Taking a page from Montreal, Toronto has relaxed requirements for accessing its privately run skating rinks, letting open-air public skating in the winter months.
Starting mid-October, the city has eliminated limits for the size of skates or on skates, and for lengths of exercise times from 30 to 45 minutes.
The relaxation of regulations is in response to recent weather conditions that have caused a favourable environment for playing hockey and skating.
Transport Canada defines skates as “individual skate controls, wearing good quality skates” – described as “masks on toe blades, effective poles with grip, and skates at least 49cm wide”.
The city will also be allowing anyone without a locker to use the facilities. “Without the use of a locker, skating rental rates will be reduced to $6,” reads the city’s website.
On Friday, the city said it will continue to operate a “Rent and Play” system, which offers free ice time to people with connections to the city’s skating rinks.
“While many people would like to stay outdoors at all times, it’s necessary to ensure we have a working network of skating rinks,” reads a statement on the city’s website.
Trained ice-rink staff will be on hand to ensure that no one goes on the rinks who is not entitled to do so. The city is also requiring rink owners to limit overnight hours to 9pm until 6am, between Thanksgiving and New Year’s, and to close one rink for all of January.
In previous seasons, the temperature at the rink has dipped as low as 5.8F. There is a tradition of jogs through the snow, ice breakers and flipping the rink over, especially after a snowstorm.
Prokopchuk parks, a rink complex with nine outdoor skating rinks, operates out of the Charlottetown Mall. The public place also has a store, tennis courts, a “skate shop”, full service cafe and a skateboard park. Park officials confirmed that approximately 7,000 people use the facility every day.
“We’re quite competitive with the other rinks,” says Mike Bezarski, public information officer for Prokopchuk parks.

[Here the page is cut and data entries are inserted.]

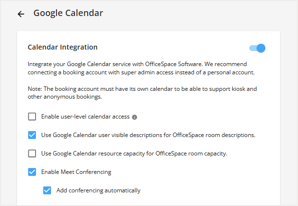 If you'd like to use Google Meet as video conferencing for your meeting, you can do so thanks to OfficeSpace's Google Calendar Integration.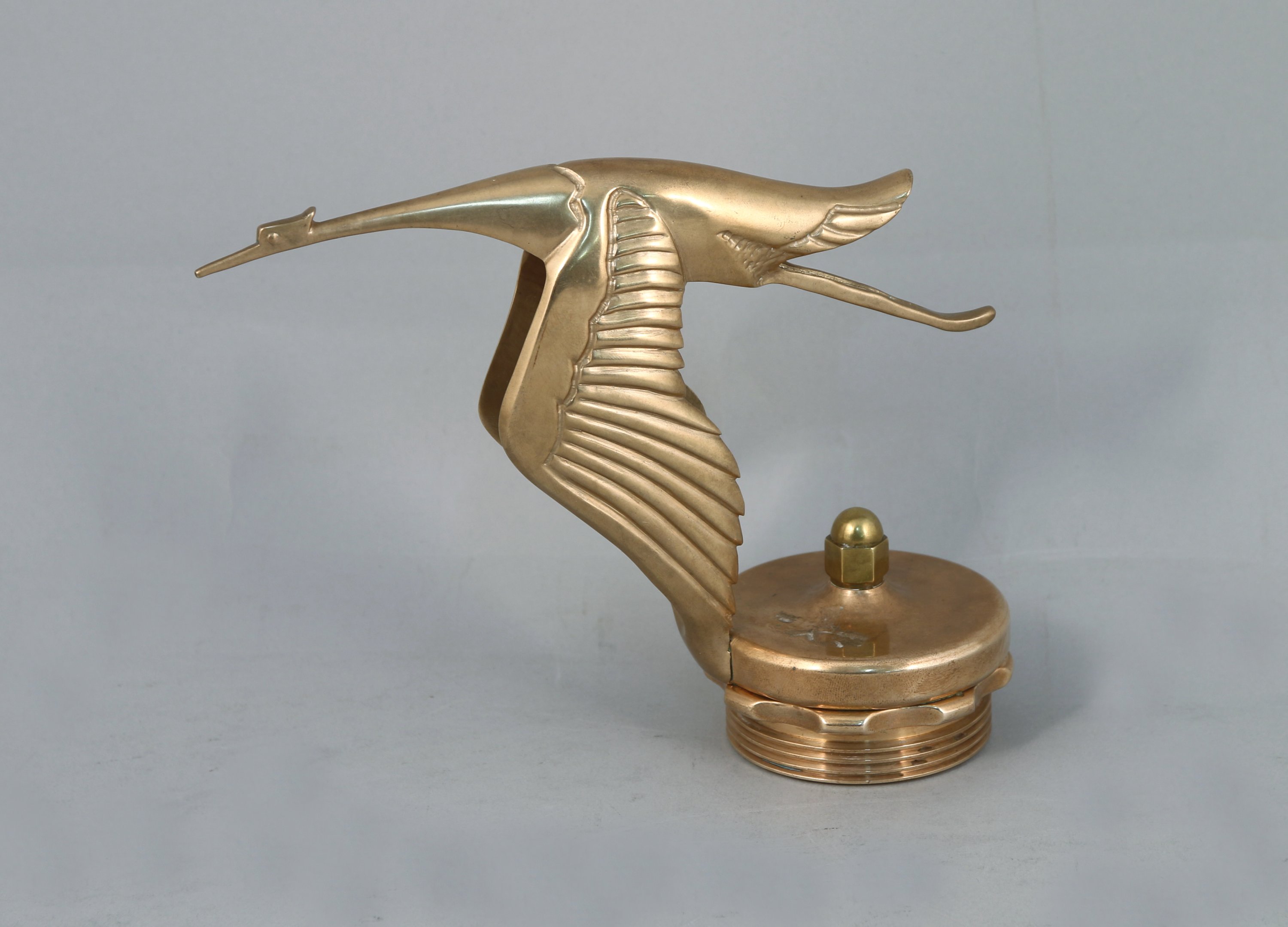 Bouchon de radiateur en bronze doré. Marqué "5" au revers, non signée, (d'après un modèle de Frédérick Bazin).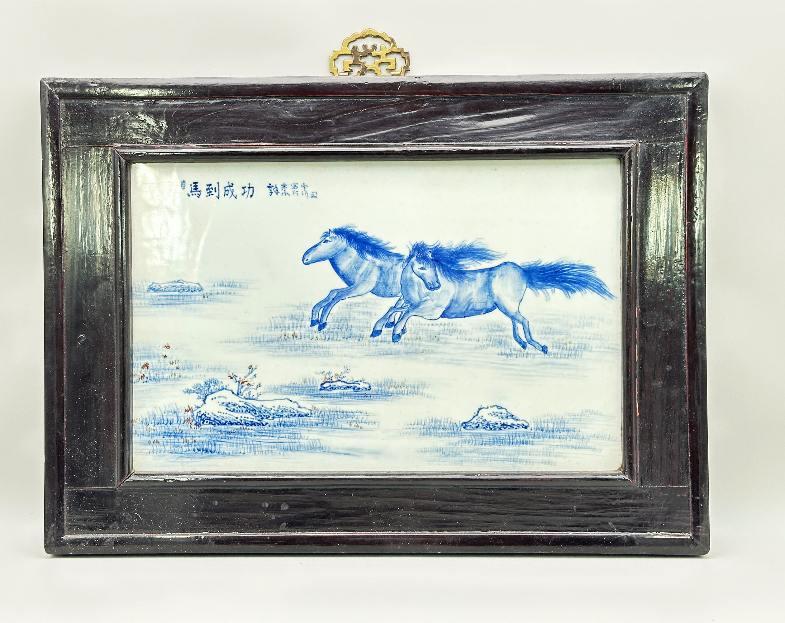 Chinese blue and white porcelain Plaque with two horses, framed, C20th

Bezarski says they are looking forward to a winter season full of fun and friendly competition.
“People get anxious during the winter because they’re sick of being outside,” says Bezarski. “They don’t think they can handle it anymore. But if you encourage them to come, you’ll see they become super confident and you might even start thinking you’re better than them.”
The Toronto Canada charity organization Focus on the Family has partnered with Prokopchuk and hopes that the change will create fun and safer opportunities for individuals to skate and ride their bicycles during the winter.
“The rule change will give more people access to the rink and at least offer some sort of recreation option on hot nights or after the sun goes down,” said Debbie Wheelan of Focus on the Family.
Ontario’s Toronto Island also offers seasonal programming for adult skaters and their bikes. The non-profit organization Cycling by 4 uses the site as its major hub. Summer hours include 40 or 60 minute social skates at the Ferry Pickard Beach Area from 2-6pm, beginning on December 1. Skating and bike rental are free. On December 21-22, Bike by 4 will host a ride from Glendale Park to Gateway Beach, and another ride from Gateway Beach to Basin Street will run from 1-4pm. The rides will cost $15 per person.
Wheelan said they are excited to see the changes. “We’ve all had meltdowns this winter. People are freaking out about the ice in the park and lack of visibility.”